There seems to be an uptick in the rates of discharge for the winter months and a decrease in discharge for the spring months. This suggests an increase in amplitude for the winter/spring months, or an offset in amplitude.

What can explain the change in amplitude?

Next, we’ll create a new variable, day, that will give us the day of the year. This will allow us to construct a three dimensional dataset with day and year mapped to the x and y axes respectively, and the residuals mapped to the z axis. The latter will be visualized using either contours or filled tiles (or both).

# heat map of residual by day
dat.tile <- dat %>% 
  group_by(year = as.integer(year(Date)), day = yday(Date)) %>% 
  summarise(res1m = median(res1))


ggplot(dat.tile, aes(x = day, y = year, fill = res1m)) +
  geom_tile() + 
 # scale_fill_gradient2(low="green", mid = "yellow", high = "red",
 #                      midpoint = 0)
  scico::scale_fill_scico(palette = "vik", direction = -1, name = "Residual Discharge")

Given that we have quite a bit of noise in the data that may be suppressing the seasonal pattern, it may be best to apply a smooth to the data. Here, we’ll adopt a loess smooth. A loess span of 0.2 is adopted to help capture small (time) scale variations on the data. To avoid edge effects at the beginning and end of each year, the data are wrapped. But wrapping is not applied to the ends of the date ranges (i.e. prior to 1976 and after 2024).

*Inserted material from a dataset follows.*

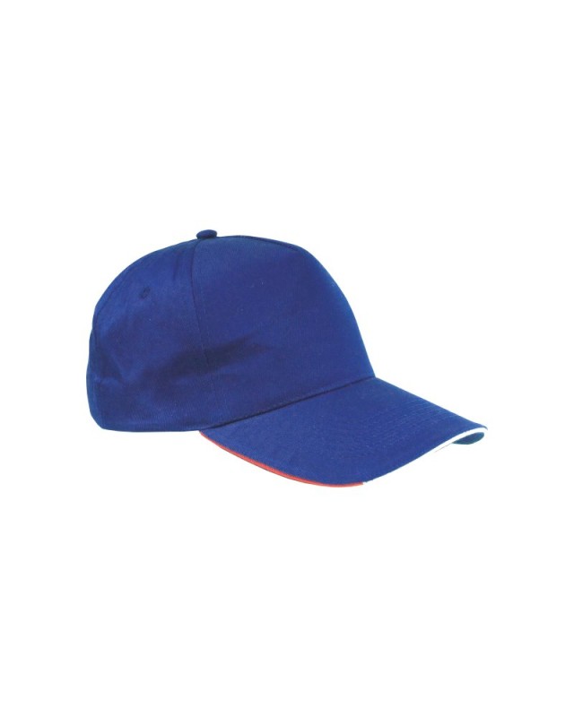 Cappellino in cotone, 5 pannelli con visiera sandwich tricolore e ricamo tricolore sulla regolazione a velcro) Materiale: Cotton Dimensioni: ONE SIZE ADULT Grammatura: 160 GSM/M2

dat.tile.pre <- dat.tile %>% 
  filter(day > 250) %>% 
  mutate(year = year + 1,
         day = day - 366) 

dat.tile.post <- dat.tile %>% 
  filter(day < 100) %>% 
  mutate(year = year - 1,
         day = day + 366)

dat.tile.wrap <- rbind(dat.tile, dat.tile.pre, dat.tile.post)

l3d <- loess(res1m ~ year + day, dat.tile.wrap, span = 0.2,
             family = "symmetric", degree = 2)


smooth.df <- data.frame(l3d$x, l3d$fitted) %>% 
  filter(day > 0 & day < 366)


#dat.tile$loess <- l3d$fitted  # Note that we are extracting the loess fitted model
                              # and not the loess residuals. But recall that the
                              # data being modeled are the discharge residuals

  ggplot(smooth.df) + aes( day , year, 
                           fill = l3d.fitted,
                           z = l3d.fitted) + 
  geom_raster(interpolate = TRUE) +
  scico::scale_fill_scico(palette = "vik", direction = -1, name = "Residual Discharge") +
  geom_contour(size = 0.2, color = "#EE9A00", 
               breaks = seq(-0.5, 0.5, by = 0.1)) +
  geom_vline(xintercept  = c(80, 172, 264), col = "grey90", lty=2 ) +
  scale_x_continuous(breaks = c(80, 172, 264),
                     labels = c("Mar 21", "Jun 21", "Sep 21"), 
                     name = NULL)

The smoothed surface has helped us identify a shift in spring river discharge towards earlier months (though a lull in spring discharge is observed for the time period between 2005 and 2015).

Summary

The overall (45 year) trend in discharge rates is a very small contributor to the observed variability in the data. The seasonal component explains about 100 ft³/s of the overall variability. The largest contributor to variability appears to be random fluctuations in rates.

We’ve also observed a seasonal shift towards winter months in winter/spring discharge rates. This shift is not observed for the summer and early fall months.

Note that had the analysis not been conducted on a re-expressed dataset, the results would have been biased in favor of the extreme discharge rates (see figure below). Here, the robust lm suggests an increase of 2.2 ft³/s per year–a much greater increase than what was observed with the re-expressed version of the data. This trend is probably more reflective of the trends in extreme discharges in the upper range of values and not the bulk of discharge values.

ggplot(dat, aes(Date, Discharge)) + geom_line(alpha = 0.2) +
  ylab("Discharge (ft3/s)") + 
  geom_smooth(method = "lm", se = FALSE)  +
  geom_smooth(method = MASS::rlm, se = FALSE, col = "red")  +
  coord_cartesian(ylim = c(0,500))